As a relatively young group of disciplines, the behavioral sciences are still developing and refining many of the sets of concepts and classifications on which they are based (and by which each organizes the knowledge that is created), as well as the constructs useful for scientific study. And the challenge of discerning whether two constructs actually describe the same entity or phenomenon has been an issue in the behavioral sciences for more than a century (Larsen and Bong, 2016). In general, the constructs and
classifications that have been established in the behavioral sciences have not been systematized (see, e.g., Davis et al., 2015; Barrett, 2009; Lilienfeld et al., 2015; Lawson and Robbins, 2021). Scientists working within even a narrow field may use different constructs and classifications for the same phenomena depending on their interests and other factors. They may be using the same word (label) for a phenomenon or a class and not recognize that they are actually referring to different phenomena or classes. Indeed, the charge given to this committee reflects an understanding that a broad range of stakeholders are interested in the continuing development and refinement of how behavioral science knowledge is organized and disseminated. We briefly review some of the challenges associated with classification and with defining and measuring constructs that point to a need for greater reliance on ontologies.
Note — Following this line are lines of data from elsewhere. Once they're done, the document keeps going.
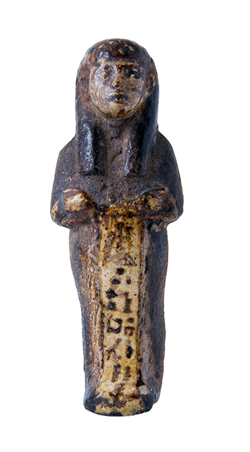 Statuina funeraria mummiforme. Indossa una parrucca tripartita nera. Le mani incrociate ed affiancate non sembrano reggere attrezzi. Il viso e le mani sono bianchi, il resto del corpo è quasi nero. L’iscrizione consta di una colonna di geroglifici, purtroppo quasi incomprensibile.
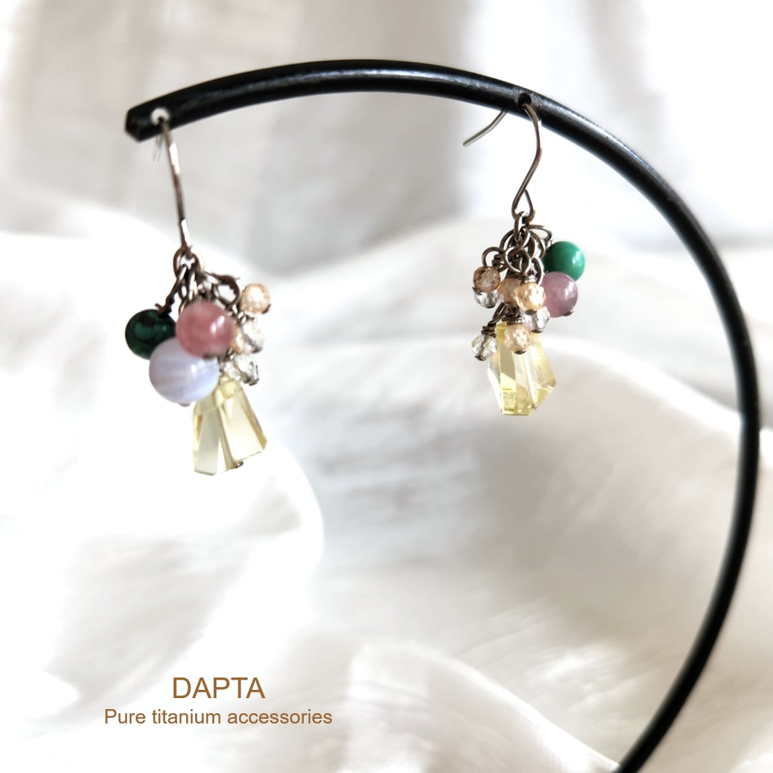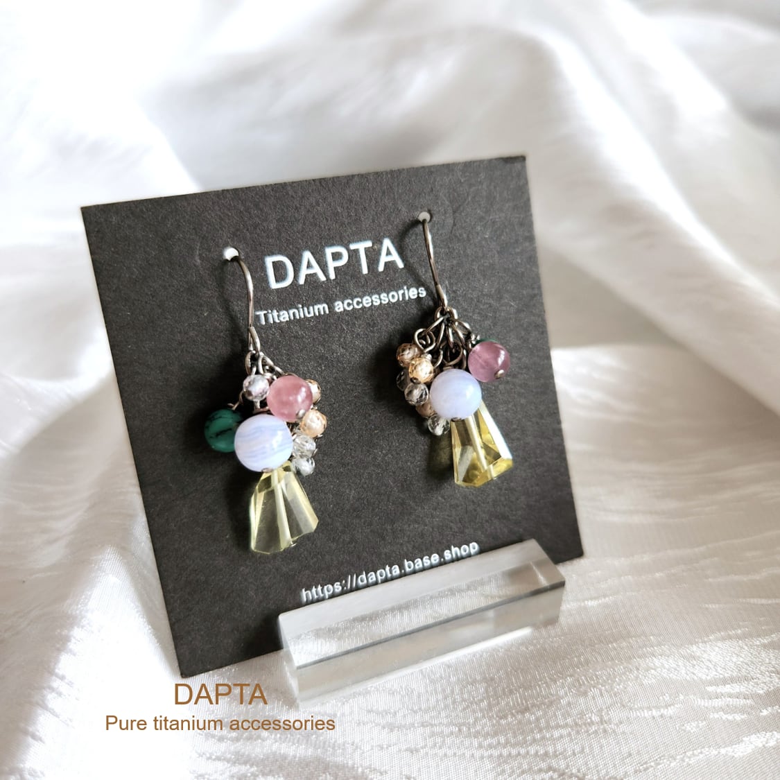 軽やかに揺れるたび、色とりどりの石たちが小さな物語を紡ぎ出す――そんな特別感を味わっていただけるアクセサリーです。日常に少しの彩りを添えたいとき、また大切な方への贈り物としてもおすすめです。
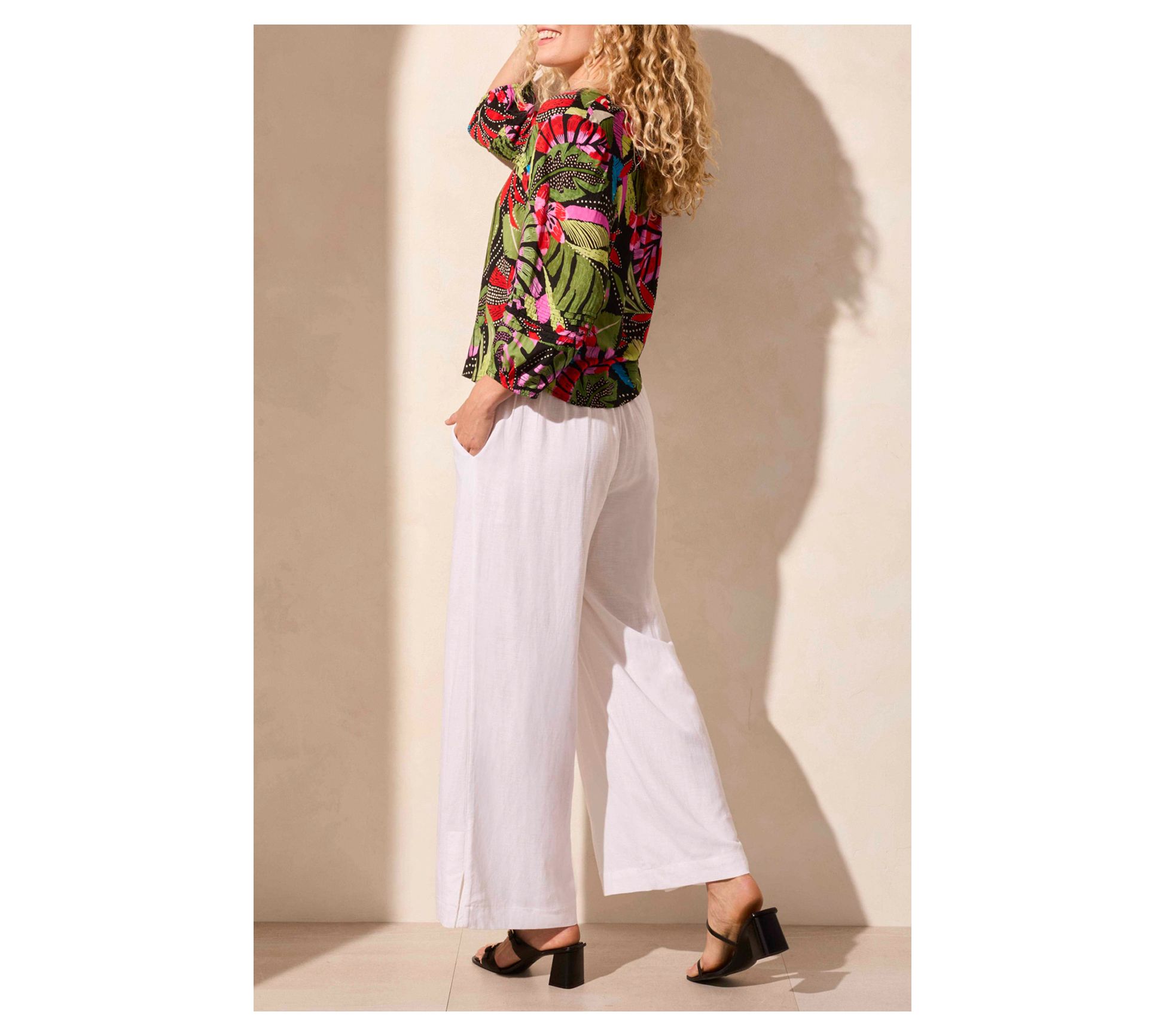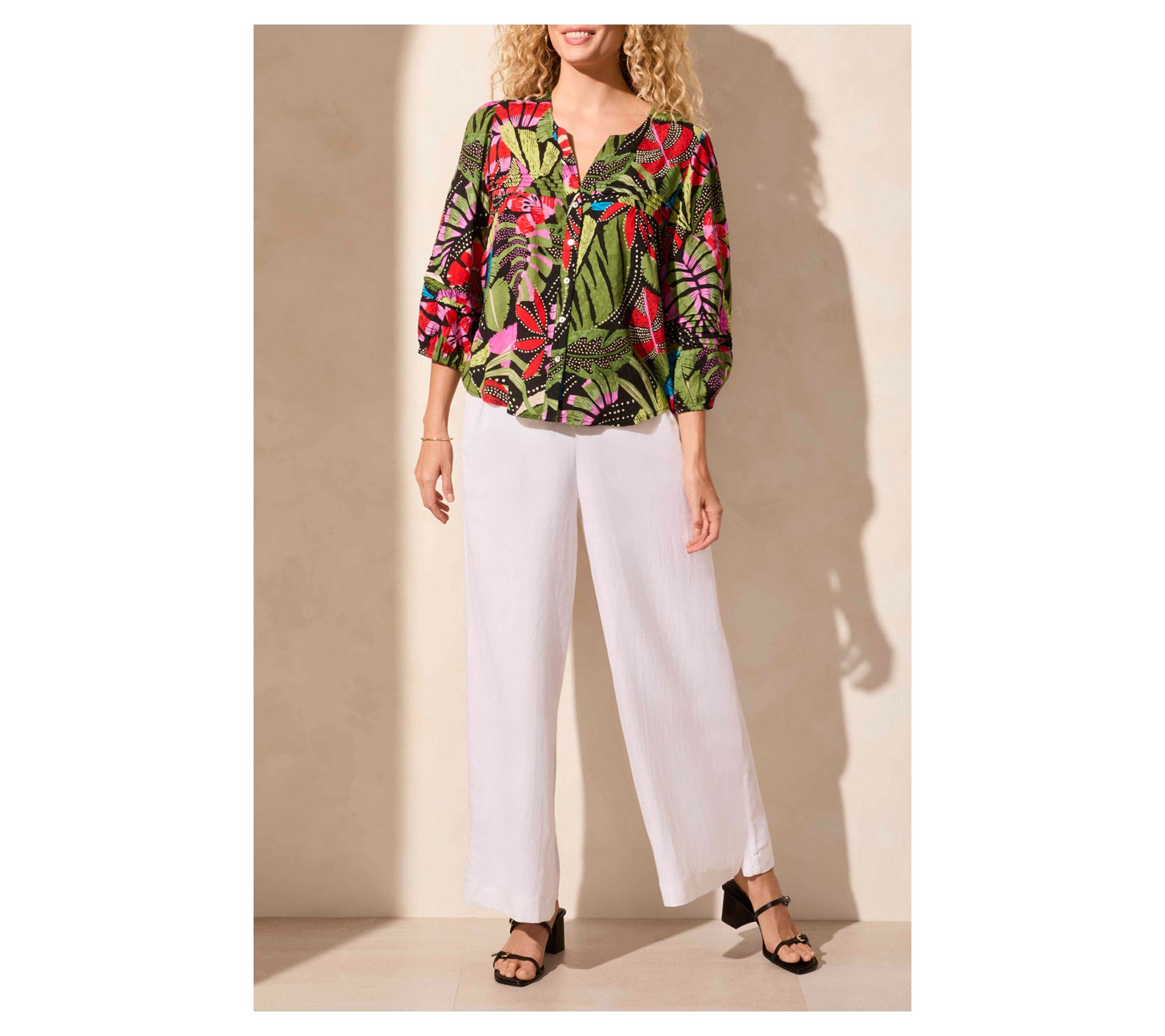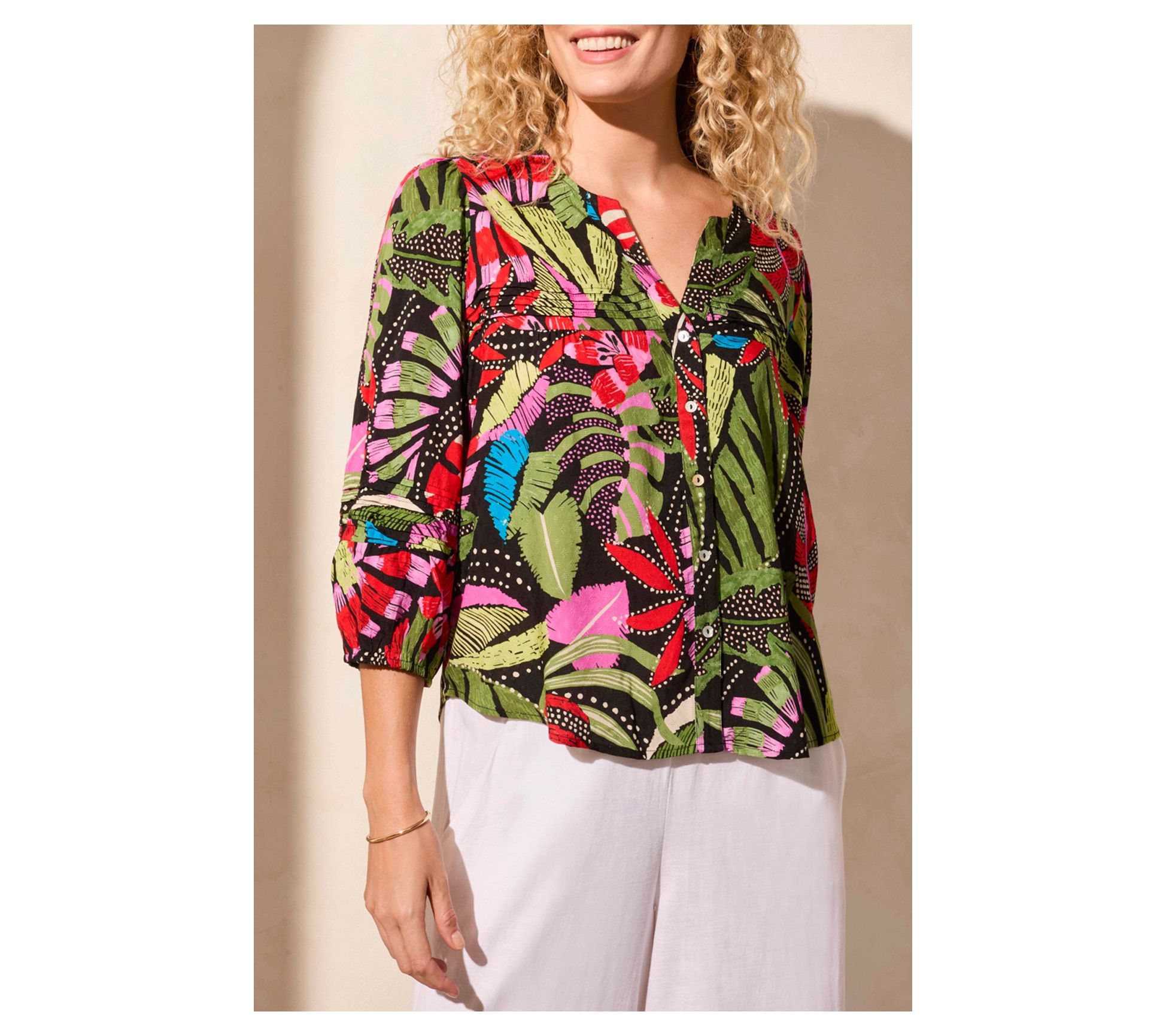 Add lively style to your ensemble with this button-up blouse, showcasing a bright, bold print on lightweight textured challis fabric. Pleating at the yoke and sleeves creates flattering structure, while elastic details make adjusting the 3/4-length sleeves a breeze. From Tribal.

Challenges with Classification
Definitions of many of the concepts, constructs, and classifications used in the behavioral sciences may not be widely shared. As already noted, scientists identify classes by focusing on certain features of equivalence (features that the entities or instances are thought to share), but these groupings do not necessarily correspond to the words that label them in principled and consistent ways. As a result, scientists and science consumers may not easily recognize the extent to which two entities or even two constructs are similar or different. Even when a classification system is accepted within a domain of study, it may be inadequate or unsuitable for its intended purpose.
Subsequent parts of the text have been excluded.